Democrats and Dissenters assesses the "hardware and software of democracy", analysing the role and constant presence of violence in a democratic state; presents new work on the plight of tribals in India; and from the contentious question of the role of writers to a reassessment of the work of Amartya Sen and Eric Hobsbawm, covers very topical terrain.
#9. The Gene: An Intimate History by Siddhartha Mukherjee
(Simon & Schuster/Random House)
"If you're interested in what it means to be human, today and in the tomorrows to come, you must read this book."
Siddhartha Mukherjee's second book takes him from the mapping of cancer to the history of the gene via the disarming personal history of mental illness in his own family.
The Emperor of all Maladies won the Pulitzer Prize for the strength and poetry of Mukherjee's writing as much for his ability to tackle monumental scientific themes; the roughly 590 pages of The Gene promise to be just as revolutionary, and just as rewarding.
#10. In Other Words by Jhumpa Lahiri
"How is it possible to feel exiled from a language that isn't mine? That I don't know? Maybe because I'm a writer who doesn't belong completely to any language."
As she wrote her novels and short stories in English, Jhumpa Lahiri found a language that was neither the mother-tongue she had an imperfect acquaintance with nor the "principal language" that she has known all her life.
Italian, which she learns slowly, haltingly, over two decades, fills an obscure but swelling desire; she will leave America for Rome, write her first book.
In Altre Parole, in Italian, a kind of "linguistic autobiography". This is her first work of non-fiction and her first book to be translated into English.
#11. A Rising Man by Abir Mukherjee
(Vintage, Random House/ Harvill Secker)
Abir Mukherjee was born in London and grew up in Glasgow.

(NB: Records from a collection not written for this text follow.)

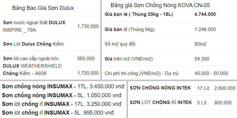Trên đây là bảng giá tham khảo một số thương hiệu sơn chống nóng hiện nay. Bảng giá sơn chống nóng chi tiết, cụ thể, bạn đọc vui lòng liên hệ đơn vị bán hàng.
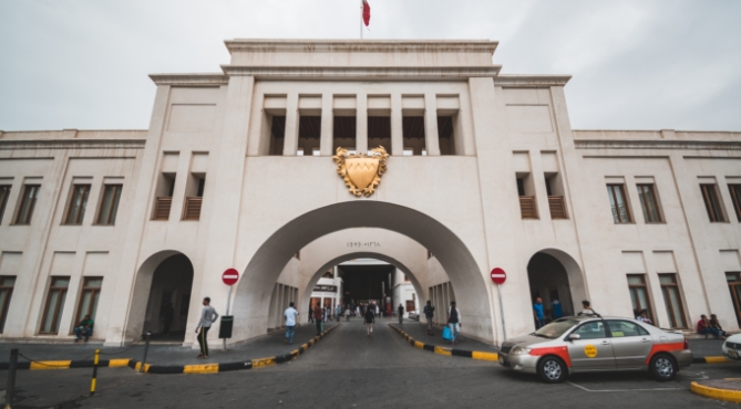 باب البحرين هو ما يعني بوابة و هو المدخل الرئيسي لسوق المنامة. يضم الدور الأرضي لباب البحرين مكتب المعلومات السياحية والمتجر المليء بالكتب الإرشادية والحرف اليدوية واللؤلؤ الطبيعي المعروض للبيع، ويعتبر هذا المتجر أول محطة لوقوف السياح، بينما تتوفر سيارات التاكسي في هذا المكان لتُعيد السياح الى الفنادق أو السفن. شهد هذا السوق النشط بمتاجره التقليدية والمعاصرة مؤخرا مرحلتين من التجديد، و وفقا لما ذكره مسؤلون كان الهدف الرئيسي للمشروع إعادة تصنيف سوق المنامة ليكون مركز حضري كبير يتمتع بالاكتفاء الذاتي، من خلال إعادة السوق الى مكانته البارزة ضمن الحياة اليومية في البحرين.
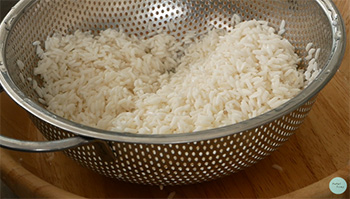 ◆ จากนั้นให้เทน้ำทิ้งแล้วพักให้ข้าวเหนียวสะเด็ดน้ำค่ะ
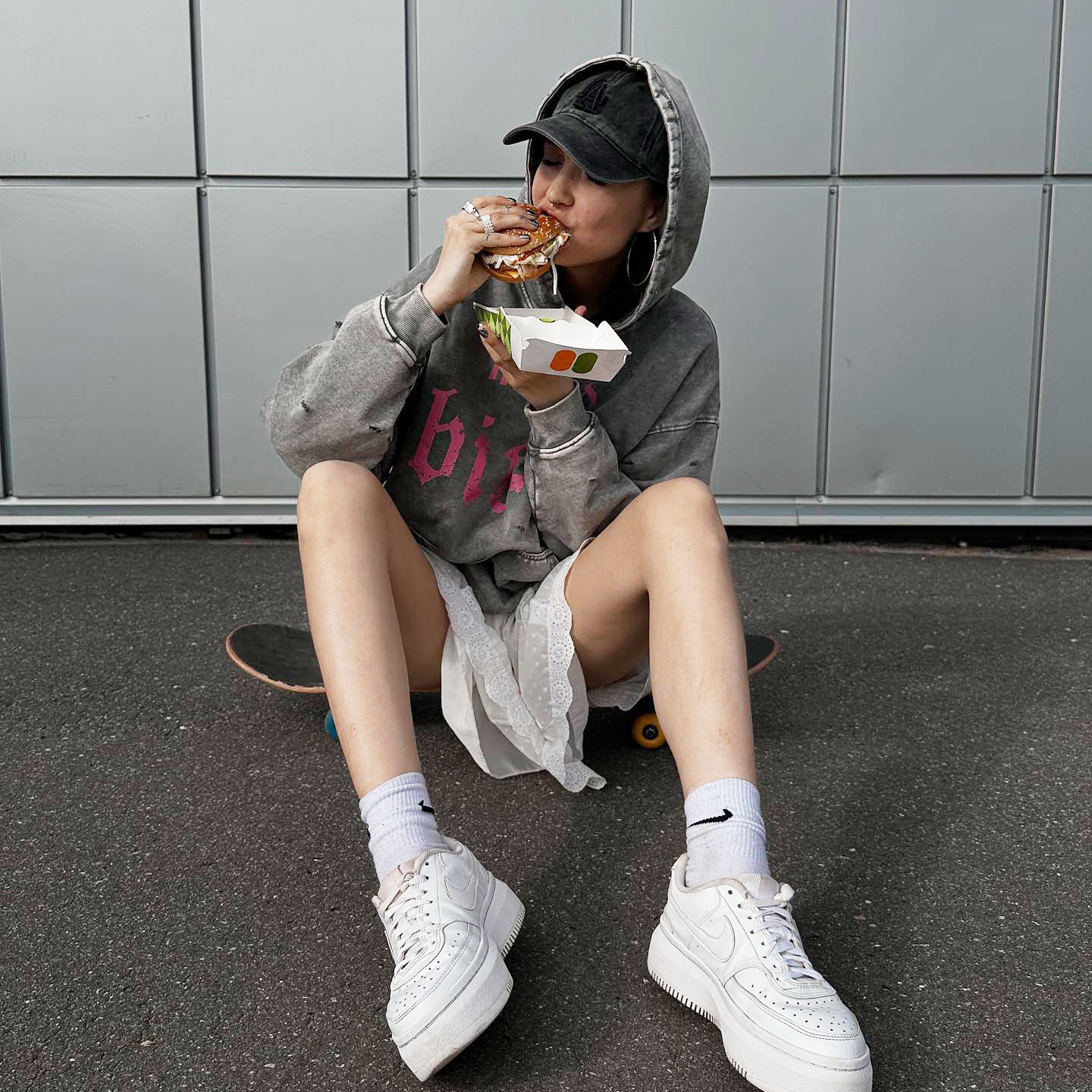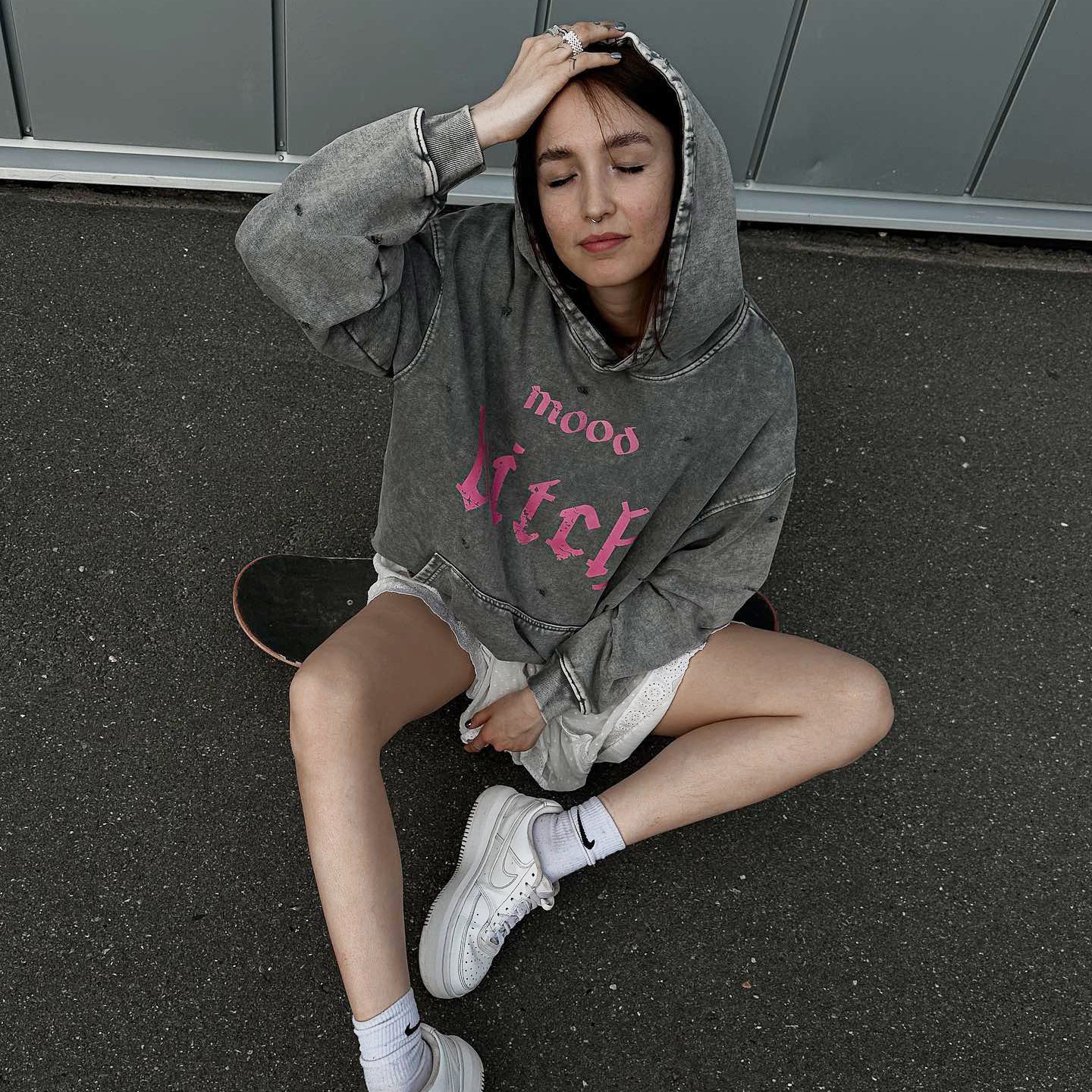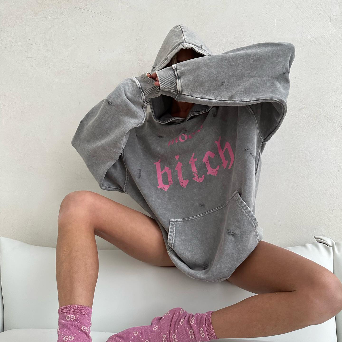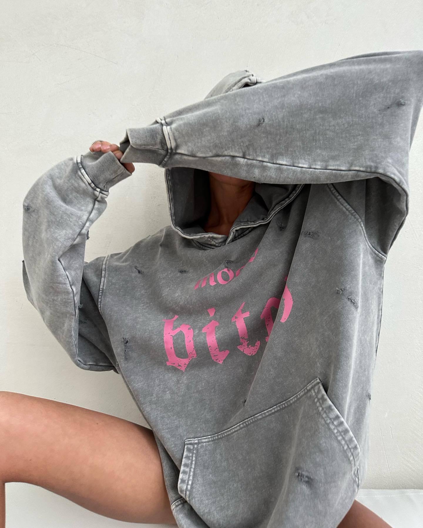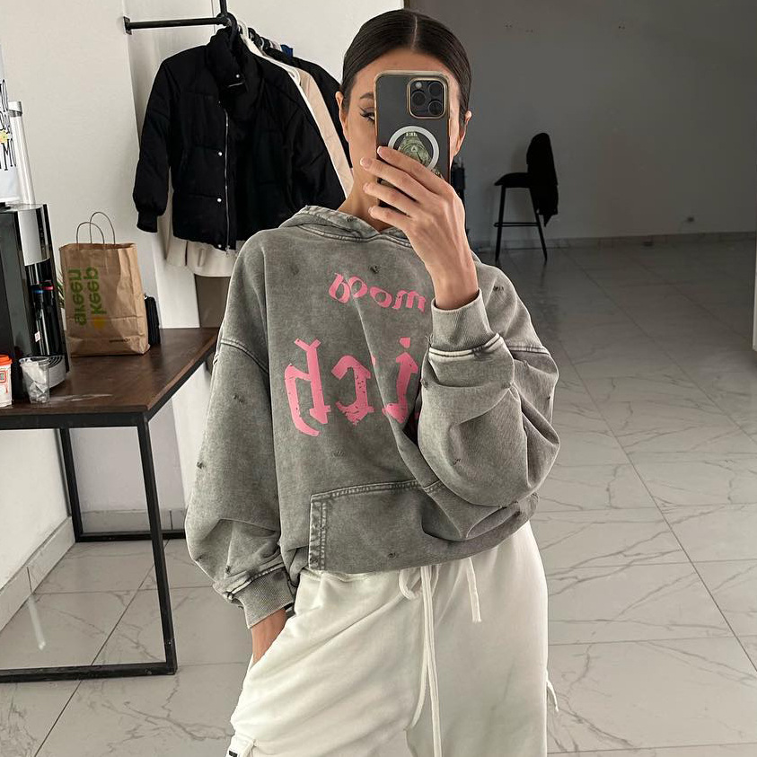 Retro washed water vintage hooded sweatshirt for women, autumn and winter jacket for women, American high street loose casual tattered top for women
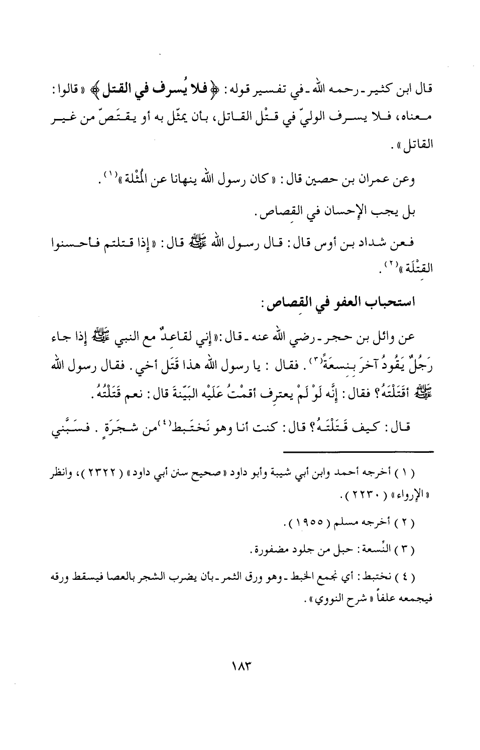 قال ابن كثير -رحمه الله- في تفسير قوله: {فلا يُسرف في القتل} "قالوا: معناه، فلا يسرف الوليّ في قتْل القاتل، بأن يمثّل به أو يقتَصّ من غير القاتل".

He used his "spectacularly dull career in finance" as a springboard to finer things: this first novel is a historical crime thriller that opens in Calcutta.
It is 1919; the body of a burra sahib, Alexander MacAuley, is found with "a note stuffed in his mouth warning the British to quit India".
His detectives are Captain Sam Wyndham and Sergeant Surrender-not-Banerjee, and his fascination with the history of the Kolkata Police, and the impact of Empire on its subjects, is obvious.
#12. Selection Day by Aravind Adiga
In Between The Assassinations, a collection of short stories, and Last Man In Tower, Aravind Adiga demonstrated a gift for collecting the inner lives and experiences of people who might otherwise slide through the large gaps in contemporary Indian fiction.
Selection Day is written from the perspective of Manju, a cricket-mad 14-year-old who learned the game in Shivaji Park, facing glory, defeat, obsessions and rivalries.